Réduction de l’autonomie en cas de froid intense
Lorsque les températures baissent, parfois jusqu’à -15 °C, l’autonomie des voitures électriques, conçue pour des températures entre 20 °C et 35 °C, peut considérablement diminuer. Des études rapportent une perte d’autonomie allant jusqu’à 20 % à 30 % pour les modèles récents, et jusqu’à 40 % lorsque le chauffage ou le dégivrage sont fortement sollicités, comme le souligne le journal Le Figaro.
Par exemple, une conductrice a constaté que sa BMW i3 est passée de 190 km à 130 km d’autonomie lorsque les températures sont descendues en dessous de zéro. De même, des modèles tels que la Renault 5 E-Tech et la Tesla Model Y voient leur autonomie diminuer respectivement de 80 à 120 km et de 120 à 180 km. Les voitures plus anciennes, dépourvues de pompes à chaleur ou de gestion thermique avancée, comme la Citroën ë-C3, voient leur rayon d’action réduit de 60 à 80 km.

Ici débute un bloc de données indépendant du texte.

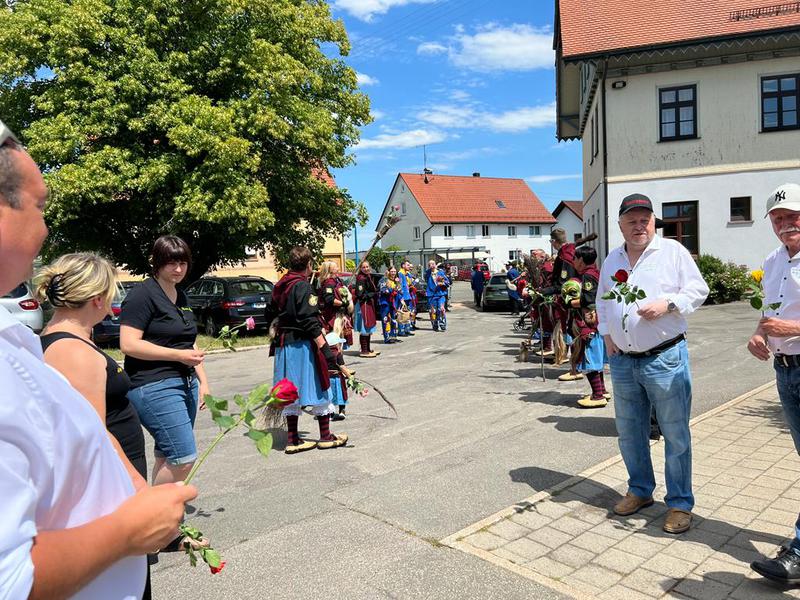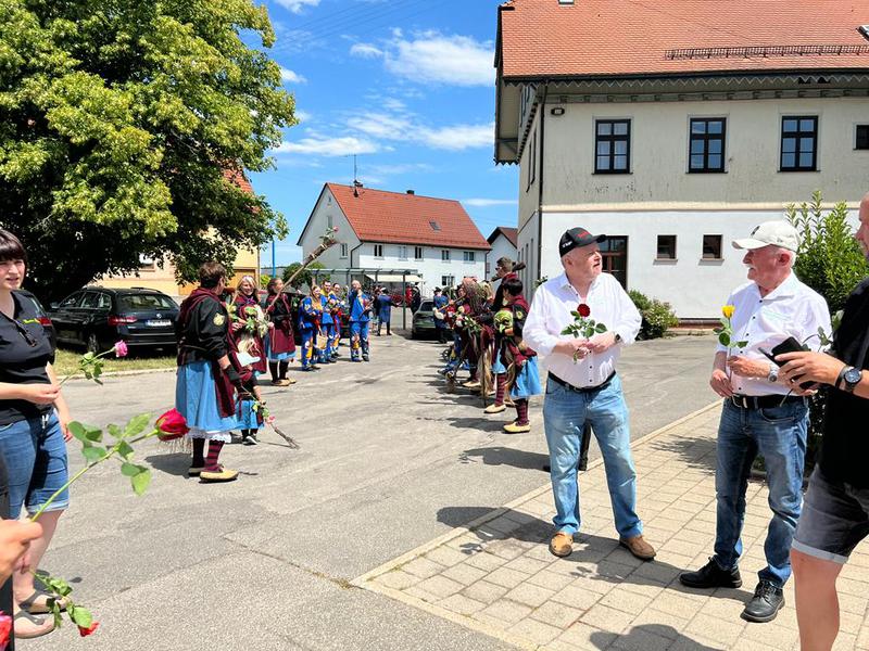 Eine Abordnung der Freien-Narrenvereinigung gratuliert recht herzlich und steht Spalier.

Les raisons techniques de cette baisse d’autonomie
Les accumulateurs lithium-ion, au cœur des voitures électriques, montrent leurs limites en hiver, tout comme les systèmes anti-surchauffe en été. Le froid ralentit les réactions chimiques internes, réduisant la capacité de la batterie à fournir son énergie maximale. De plus, il est nécessaire de consommer de l’énergie pour maintenir la batterie à une température de fonctionnement et pour chauffer l’habitacle ou dégivrer les vitres, ce qui augmente la consommation d’énergie.
Les bornes de recharge, conçues pour fonctionner jusqu’à -30 °C (selon les spécifications), voient leur efficacité diminuer en cas de gel. Pour une recharge optimale, il est souvent nécessaire de préchauffer la batterie, ce qui allonge le temps d’immobilisation du véhicule. Il est donc crucial d’anticiper ses trajets et de planifier la recharge, en maintenant une marge de sécurité de 20 % de charge résiduelle à l’arrivée.